No. This wouldn't work. You'd have to say درسنا نحن في المغرب or just درسنا في المغرب. The فاعل (verbal subject) is not نحن. It is actually the ـنا in the verb. If you add the نحن as in the first sentence, it would be called a توكيد من الفاعل (emphasizing the verbal subject) and would not be the verbal subject itself. It's not like ذهب المعلمون إلى صفوفهم where المعلمون is the فاعل (verbal subject).



Calvary Scars II/Aux. Out said:


> How about "you two (dual) studied in Morocco"? Would it be
> 
> درستما أنتما في المغرب
> 
> or
> 
> درست أنتما في المغرب


----------



## Calvary Scars II/Aux. Out

I have another question related to the topic of verbal agreement, so I think it's better if I just post it in this thread rather than start a new one.
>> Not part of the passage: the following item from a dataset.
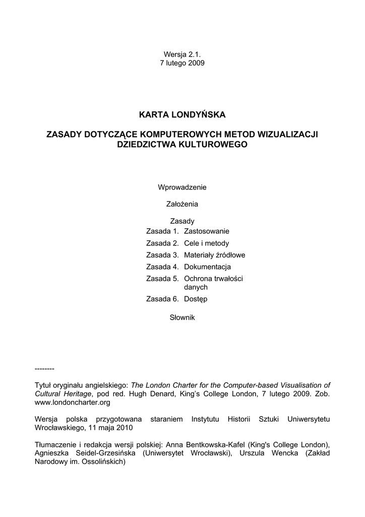 Wersja 2.1. 7 lutego 2009 KARTA LONDYŃSKA ZASADY DOTYCZĄCE KOMPUTEROWYCH METOD WIZUALIZACJI DZIEDZICTWA KULTUROWEGO Wprowadzenie Założenia Zasady Zasada 1. Zastosowanie Zasada 2. Cele i metody Zasada 3. Materiały źródłowe Zasada 4. Dokumentacja Zasada 5. Ochrona trwałości danych Zasada 6. Dostęp Słownik -------Tytuł oryginału angielskiego: The London Charter for the Computer-based Visualisation of Cultural Heritage, pod red. Hugh Denard, King’s College London, 7 lutego 2009. Zob. www.londoncharter.org Wersja polska przygotowana Wrocławskiego, 11 maja 2010 staraniem Instytutu Historii Sztuki Uniwersytetu Tłumaczenie i redakcja wersji polskiej: Anna Bentkowska-Kafel (King's College London), Agnieszka Seidel-Grzesińska (Uniwersytet Wrocławski), Urszula Wencka (Zakład Narodowy im. Ossolińskich) Wprowadzenie Metody komputerowej wizualizacji są obecnie szeroko stosowane zarówno w naukowym badaniu zabytków, jak też w dziedzinie ochrony i popularyzacji wiedzy o dziedzictwie kulturowym. W tej sytuacji wydaje się konieczne sformułowanie zasad, które przyczyniłyby się – tak w aspekcie intelektualnym, jak i technicznym – do podniesienia naukowej rangi cyfrowych wizualizacji zabytków, aby były one traktowane tak samo jak tradycyjne metody badań i formy prezentacji ich wyników. Jednocześnie zasady te powinny odzwierciedlać istotne właściwości metod i technik wizualizacji komputerowych. W licznych opracowaniach i dokumentach, w tym AHDS Guides to Good Practice for CAD (2002) 1 i Virtual Reality (2002) 2 oraz w ramach takich inicjatyw, jak Virtual Archaeology Special Interest Group (VASIG) 3 i Cultural Virtual Reality Organisation (CVRO) 4 podkreśla się warunek naukowej rzetelności w stosowaniu wizualizacji komputerowych oraz postuluje dbałość o wybór stosownej formy prezentowania wyników badań, odzwierciedlającej rzeczywisty stan wiedzy historycznej. Kwestią zasadniczą jest czytelne rozróżnianie między faktami potwierdzonymi źródłowo, a hipotezami oraz różnicowanie stopnia prawdopodobieństwa formułowanych tez. Karta Londyńska stanowi próbę wypracowania konsensusu wokół tych zagadnień. Niezbędne jest więc szerokie poparcie tej inicjatywy przez właściwe środowiska naukowe oraz ich gotowość do przyjęcia proponowanych rozwiązań. Podstawowym celem Karty jest więc promowanie wizualizacji dziedzictwa kulturowego opartej na przesłankach naukowych, tak w stosowaniu, jak i ewaluacji metod komputerowych, a tym samym działanie na rzecz uznania tego typu badań, a także sposobów upowszechniania ich wyników. Autorzy Karty Londyńskiej zdają sobie sprawę, że zakres dostępnych metod wizualizacji komputerowych i ich wykorzystywania w badaniach naukowych stale się rozszerza. Dlatego intencją Karty nie jest narzucanie specyficznych celów i metod badawczych, ale sformułowanie ogólnych zasad stosowania wizualizacji komputerowych w badaniach i popularyzacji wiedzy o dziedzictwie kulturowym, które przyczynią się do zwiększenia wiarygodności historycznej, spójności merytorycznej i przejrzystości przyjętych metod interpretacyjnych oraz uzyskiwanych dzięki nim wyników. Karta Londyńska dotyczy zagadnień z zakresu badań nad zabytkami i upowszechniania wiedzy o dziedzictwie kulturowym w środowiskach akademickich i muzealniczych oraz w edukacji i obszarze działań komercyjnych. Dotyczy zatem tych dziedzin przemysłu 1 Harrison Eiteljorg II, Kate Fernie, Jeremy Huggett et al., “CAD: A Guide to Good Practice”, Arts and Humanities Data Service (AHDS): Archaeology Data Service, 2002 <http://ads.ahds.ac.uk/project/goodguides/cad/> (4 styczeń 2010). [Wszystkie noty pochodzą od polskiego redaktora]. 2 “Creating and Using Virtual Reality: a Guide for the Arts and Humanities”, red. Kate Fernie i Julian D. Richards, Arts and Humanities Data Service (AHDS), 2002, <http://vads.ahds.ac.uk/guides/vr_guide/> (4 styczeń 2010). 3 Zob. <Scientific Credibility and Authentication in Cultural Virtual Reality and Virtual Archaeology> (4 styczeń 2010). 4 Frischer et al., "From CVR to CVRO. The Past, Present, and Future of Cultural Virtual Reality," by B. Frischer, F. Niccolucci, N. Ryan, J. Barcelò, Proceedings of VAST 2000, pod red. F. Niccolucci, British Archaeological Reports 834 (ArcheoPresss, Oxford, 2002) s. 7-18, <http://www.cvrlab.org/research/images/CVR%20to%20CVRO.pdf> (23 luty 2010). 2 rozrywkowego, które znajdują inspirację w dziedzictwie kulturowym lub korzystają z rekonstrukcji zabytków; nie dotyczy natomiast wizualizacji komputerowych stosowanych dla celów artystycznych, na przykład w sztuce współczesnej, w modzie czy wzornictwie. Ponieważ cele uzasadniające korzystanie z metod wizualizacji komputerowej w obrębie różnych dyscyplin znacząco się od siebie różnią, pierwsza zasada Karty Londyńskiej – "Zastosowanie" - podkreśla konieczność opracowywania szczegółowych zaleceń, odpowiadającym potrzebom danej dyscypliny. Założenia Karta Londyńska proponuje sformułowanie zasad stosowania metod wizualizacji komputerowych i ich wyników w dziedzinie badań naukowych i popularyzacji wiedzy o dziedzictwie kulturowym w celu: - wypracowywania standardów wizualizacji, które zostałyby zaakceptowane przez zainteresowane środowiska badaczy i użytkowników; - upowszechniania intelektualnej i technicznej dyscypliny w dziedzinie cyfrowych wizualizacji dziedzictwa kulturowego; - gwarantowania, że procesy wizualizacji komputerowych i ich wyniki będą prawidłowo rozumiane i oceniane przez odbiorców ; - umożliwiania wiarygodnego wykorzystania wizualizacji komputerowych w analizie, interpretacji i zarządzaniu dobrami dziedzictwa kulturowego; - promowania dbałości o budowanie i stosowanie strategii dotyczących zapewnienia stałego dostępu do danych; - stwarzania stabilnych podstaw, które umożliwią specjalistom różnych dyscyplin określenie szczegółowych zaleceń dotyczących wdrażania Kar

Here's the sentence in question: كان المراسل الصحفي يكتب التقرير

Two things: (1) What mood is يكتب in? Is that indicative, subjunctive or jussive? Is the meaning "The journalist is writing the report"? (2) If I wanted to make everything in this sentence plural and retain the same word order, would it be كان المراسلون الصحفيون يكتب التقارير? Or would يكتب be conjugated as يكتبون because it follows المراسلون الصحفيون, which is plural and human (or intelligent, or however you want to label that grammatical category)?

!شكرًا


----------



## Mahaodeh

Calvary Scars II/Aux. Out said:


> (1) What mood is يكتب in? Is that indicative, subjunctive or jussive? Is the meaning "The journalist is not writing the report"?


It's in the indicative. The meaning is: the journalist was writing the report. While the verb itself is in the present tense, the use of كان in the beginning implies that all that is after it happened in the past. 
I have a question, why would you think that the statement is negated? Or was that just a typo?


Calvary Scars II/Aux. Out said:


> (2) If I wanted to make everything in this sentence plural and retain the same word order, would it be كان المراسلون الصحفيون يكتب التقارير? Or would يكتب be conjugated as يكتبون because it follows المراسلون الصحفيون,


It would be كان المراسلون الصحفيون يكتبون التقارير, because as mentioned earlier: 1) المراسلون are considered to عاقلون; and 2) the verb comes after the subject.


----------



## Calvary Scars II/Aux. Out

Mahaodeh said:


> It's in the indicative. The meaning is: the journalist was writing the report. While the verb itself is in the present tense, the use of كان in the beginning implies that all that is after it happened in the past.
> I have a question, why would you think that the statement is negated? Or was that just a typo?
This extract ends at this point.